Addition works because it (iteratively) delegates the action to all elements

In [130]: A+A
Out[130]: 
array([['oneone', 4, 6],
       ['twotwo', 8, 11.0],
       ['threethree', 12, 14]], dtype=object)

structured addition does not work

In [131]: a+a
---------------------------------------------------------------------------
TypeError                                 Traceback (most recent call last)
<ipython-input-131-6ff992d1ddd5> in <module>()
----> 1 a+a

TypeError: ufunc 'add' did not contain a loop with signature matching types 
dtype([('f0', '<U10'), ('f1', '<i8'), ('f2', '<f8')]) dtype([('f0', '<U10'), ('f1', '<i8'), ('f2', '<f8')]) 
dtype([('f0', '<U10'), ('f1', '<i8'), ('f2', '<f8')])

Lets try addition field by field:

In [132]: aa = np.zeros_like(a)
In [133]: for n in a.dtype.names: aa[n] = a[n] + a[n]
---------------------------------------------------------------------------
TypeError                                 Traceback (most recent call last)
<ipython-input-133-68476e5d579e> in <module>()
----> 1 for n in a.dtype.names: aa[n] = a[n] + a[n]

TypeError: ufunc 'add' did not contain a loop with signature matching types 
dtype('<U10') dtype('<U10') dtype('<U10')

Oops, doesn't quite work - string dtype doesn't have addition. But we can handle the string field separately:

In [134]: aa['f0'] = a['f0']
In [135]: for n in a.dtype.names[1:]: aa[n] = a[n] + a[n]
In [136]: aa
Out[136]: 
array([('one',  4,  6.), ('two',  8, 11.), ('three', 12, 14.)],
      dtype=[('f0', '<U10'), ('f1', '<i8'), ('f2', '<f8')])
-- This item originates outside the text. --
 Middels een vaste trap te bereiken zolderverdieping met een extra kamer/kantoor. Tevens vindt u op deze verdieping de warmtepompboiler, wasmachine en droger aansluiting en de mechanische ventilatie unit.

Or we can change the string dtype to object:

In [137]: dt1 = np.dtype([('f0',object),('f1',int),('f2',float)])
In [138]: b = np.array([('one',2,3),('two',4,5.5),('three',6,7)],dt1)
In [139]: b
Out[139]: 
array([('one', 2, 3. ), ('two', 4, 5.5), ('three', 6, 7. )],
      dtype=[('f0', 'O'), ('f1', '<i8'), ('f2', '<f8')])
In [140]: bb = np.zeros_like(b)
In [141]: for n in a.dtype.names: bb[n] = b[n] + b[n]
In [142]: bb
Out[142]: 
array([('oneone',  4,  6.), ('twotwo',  8, 11.), ('threethree', 12, 14.)],
      dtype=[('f0', 'O'), ('f1', '<i8'), ('f2', '<f8')])
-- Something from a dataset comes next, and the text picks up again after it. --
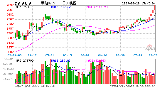 我們先來關注一下原油的走勢。毫無疑問,連續七根大根線對投資者產生的壓力是不言而喻的。美國糟糕的就業數據重新引爆了投資者對全球經濟回暖的擔擾,原油因此飛流直下。但考慮到國際經濟形勢目前應該是一個緩慢走好的格局,個人消費支出雖然沒有大幅反彈,但正在慢慢企穩,并出現上升態勢;房屋銷售數據也有所好轉,房價開始慢慢堅挺;制造業指數也在慢慢脫離衰退,逐漸臨近50關口。而美國原油庫存自5月份以來持續回落,也被大多市場人士解讀為經濟回暖的征兆。可以說,最困難的時候已經過去了,僅管現在歐、美各國公布的數據仍是良莠不齊,但經濟復蘇不可能立竿見影,原油經超跌后的大幅反彈,再修正,幅度也應該差不多了,通俗一點說,油價低了,OPEC不樂意,油價太高,對國際經濟復蘇也不利,所以,60美元左右應該是一個平衡點,后市繼續深跌的可能性較小,有可能步入震蕩筑底階段。因此,對PTA的成本壓力將會有所減弱。

Python strings do have a __add__, defined as concatenate. Numpy dtype strings don't have that definition. Python strings can be multiplied by an integer, but raise an error otherwise.
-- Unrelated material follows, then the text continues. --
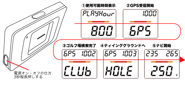 電源( サブ )ボタンを約 3 秒ほど押し続けると本体の電源が入り、使用可能時間が表示されます。その後、自動でGPSの受信を開始しGPS補足後後ゴルフ場を検索します。④の画面になりましたらティインググラウンドにお進みください。
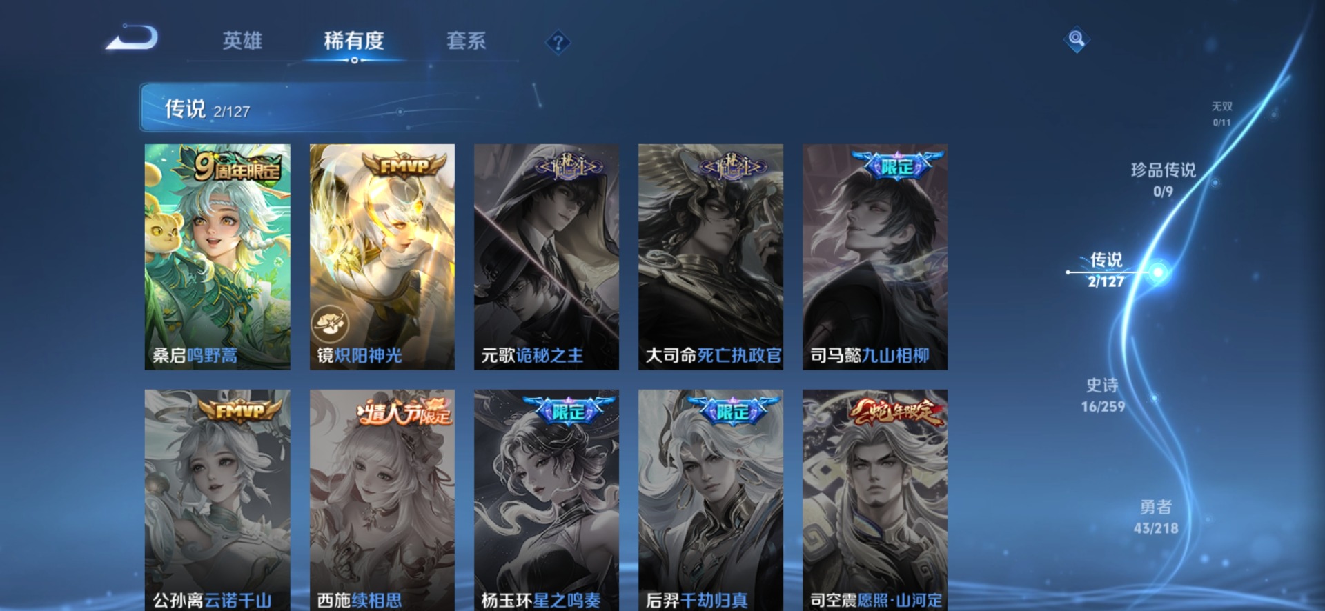 - PX_2089914-实名: 可修改 贵族等级: V5 英雄数: 122 皮肤数: 123 传说皮: 炽阳神光,无双飞将,澜逐花归海 限定皮: 李小龙,五谷丰年,鸣野蒿,愿照·九州拓

My guess is that pandas resorts to something like what I just did. I doubt if it implements dataframe addition in compiled code (except in some special cases). It probably works column by column if the dtype allows. It also seems to freely switch to object dtype (for example a column with both np.nan and a string). Timings might confirm my guess (I don't have pandas installed on this OS).



回答2:

According to the documentation, the right way to make your arrays is:

types=[('name1', int), ('name2', float)]
a = np.array([(2, 3.3)], dtype=types)
b = np.array([(4, 5.35)], dtype=types)

Which gives generates a and b as you want them:

a['name1']
array([2])

But summing them is not as straight forward as the conventional numpy arrays, so I also suggest to use pandas:

names=['name1','name2']
a=pd.Series([2,3.3],index=names)
b=pd.Series([4,5.35],index=names)
a+b
name1    6.00
name2    8.65
dtype: float64